With only half of tracks purchased, we should look a little deeper to see how we might improve the efficiency of our store inventory. It might be a good idea to see which genres have more purchased tracks.
query='''
--QUERY FOR PURCHASED VS UNPURCHASED TRACKS
SELECT
g.name genre,
COUNT(DISTINCT il.track_id) tracks_sold,
COUNT(DISTINCT t.track_id) tracks_total,
ROUND(100.0*COUNT(DISTINCT il.track_id)/COUNT(DISTINCT t.track_id),2) purchased_pct
FROM track t
LEFT JOIN invoice_line il ON t.track_id = il.track_id
LEFT JOIN genre g ON g.genre_id = t.genre_id
GROUP BY g.name
ORDER BY 4 DESC
'''
#Read Query to Pandas DataFrame
conn = sqlite3.connect('chinook.db')
df = pd.read_sql_query(query, conn)#.set_index('genre',drop=True)
df
genre | tracks_sold | tracks_total | purchased_pct | |
---|---|---|---|---|
0 | Easy Listening | 24 | 24 | 100.00 |
1 | Electronica/Dance | 29 | 30 | 96.67 |
2 | R&B/Soul | 55 | 61 | 90.16 |
3 | Alternative | 34 | 40 | 85.00 |
4 | Rock | 915 | 1297 | 70.55 |
5 | Blues | 56 | 81 | 69.14 |
6 | Metal | 238 | 374 | 63.64 |
7 | Hip Hop/Rap | 21 | 35 | 60.00 |
8 | Alternative & Punk | 176 | 332 | 53.01 |
9 | Pop | 25 | 48 | 52.08 |
10 | Jazz | 61 | 130 | 46.92 |
11 | Reggae | 22 | 58 | 37.93 |
12 | Heavy Metal | 7 | 28 | 25.00 |
13 | Classical | 16 | 74 | 21.62 |
14 | Latin | 119 | 579 | 20.55 |
15 | Soundtrack | 5 | 43 | 11.63 |
16 | TV Shows | 2 | 93 | 2.15 |
17 | Drama | 1 | 64 | 1.56 |
18 | World | 0 | 28 | 0.00 |
19 | Science Fiction | 0 | 13 | 0.00 |
20 | Sci Fi & Fantasy | 0 | 26 | 0.00 |
21 | Rock And Roll | 0 | 12 | 0.00 |
22 | Opera | 0 | 1 | 0.00 |
23 | Comedy | 0 | 17 | 0.00 |
24 | Bossa Nova | 0 | 15 | 0.00 |
#Genre Sales% Visualization
df['genre'] = df['genre'].mask(df['tracks_sold'] <10, 'Other')
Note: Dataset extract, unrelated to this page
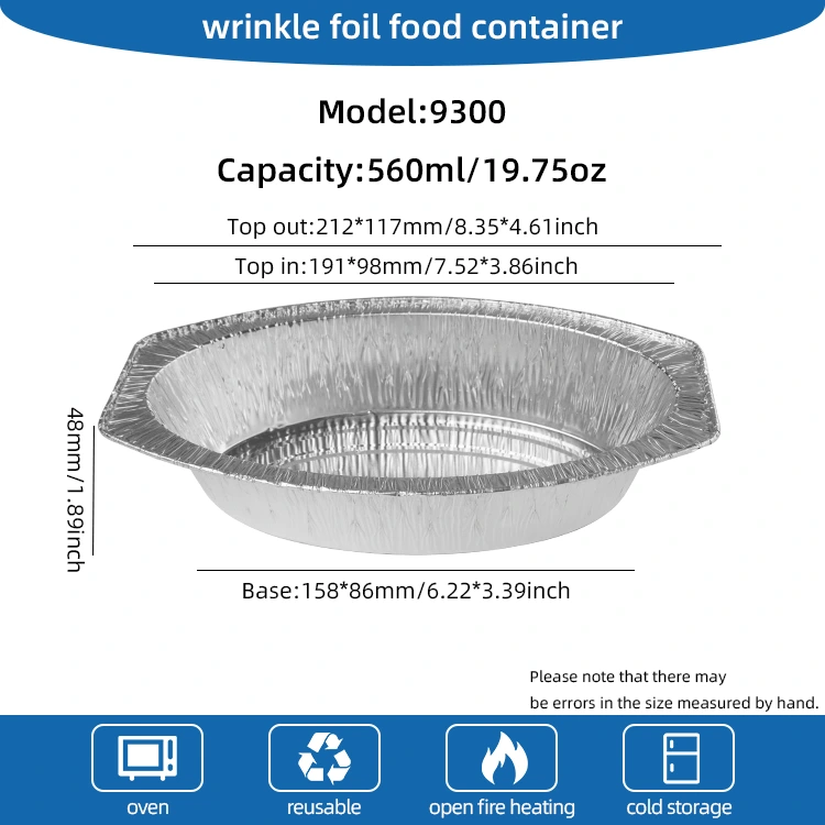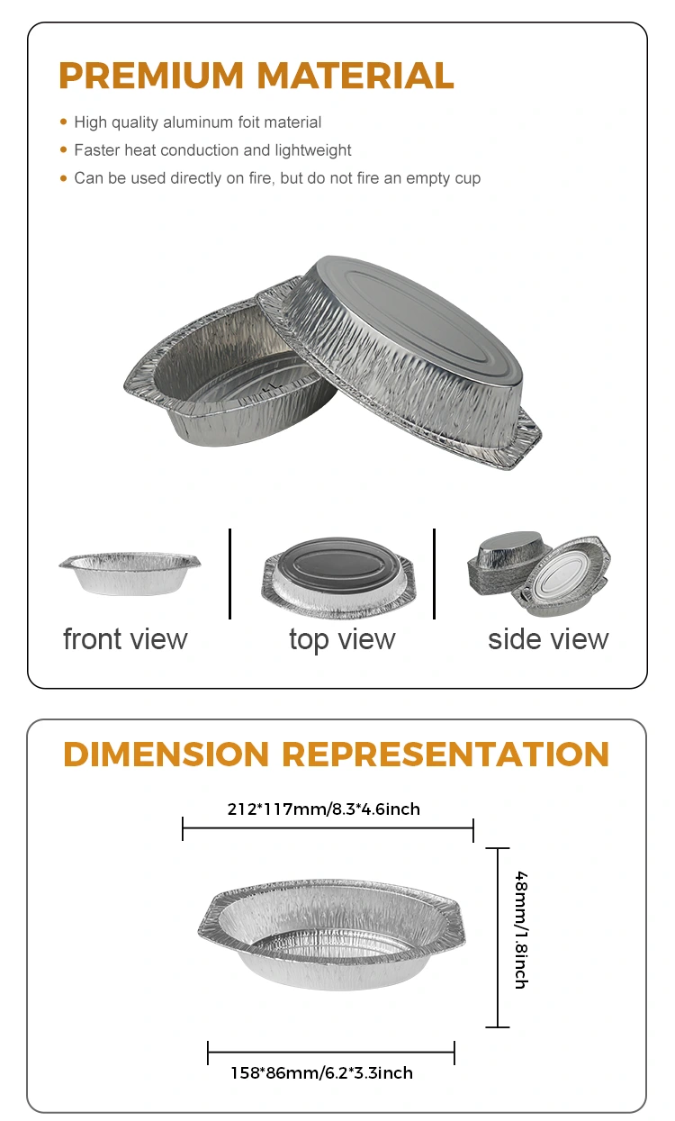 يمكن استخدام حاويات رقائق الخبز البيضاوي الخبز البيضاوي من Yunchu مباشرة في الفرن أو الشواية ، وهو مريح للغاية. وزنه 5.9 جرام فقط ، من السهل تكديس مساحة بدقة ، وتوفير مساحة فعالة للنقل ، وطلاء المطاعم والمطبخ. إن عملية جدار الضوء للمنتج تجعل السطح ناعمًا ومرتبة ، والمظهر الفضي الساطع ليس جميلًا وأنيقًا فحسب ، بل مناسب أيضًا لمحلات السوبر ماركت الكبيرة لتسمية رموز المسح والمسح.

genres = df.groupby('genre').sum()
genres = genres.sort_values(by='tracks_sold', ascending=False)
tracks_sold = genres.tracks_sold
tracks_sold
genre Rock 915 Metal 238 Alternative & Punk 176 Latin 119 Jazz 61 Blues 56 R&B/Soul 55 Alternative 34 Electronica/Dance 29 Pop 25 Easy Listening 24 Reggae 22 Hip Hop/Rap 21 Classical 16 Other 15 Name: tracks_sold, dtype: int64
fig, ax = plt.subplots(figsize=(10,10))
tracks_sold.plot(kind='pie', startangle=30)
ax.set_title('Sales by Genre')
ax.set_ylabel('')
Text(0, 0.5, '')
A look into genre reveals some insight for future inventory updates. We should consider reducing the inventory from unpopular genres and increasing inventory for the genres at the top of the table.
More tracks should be acquired for Easy Listening, Eletronica/Dance, R&B/Soul, and Alternative.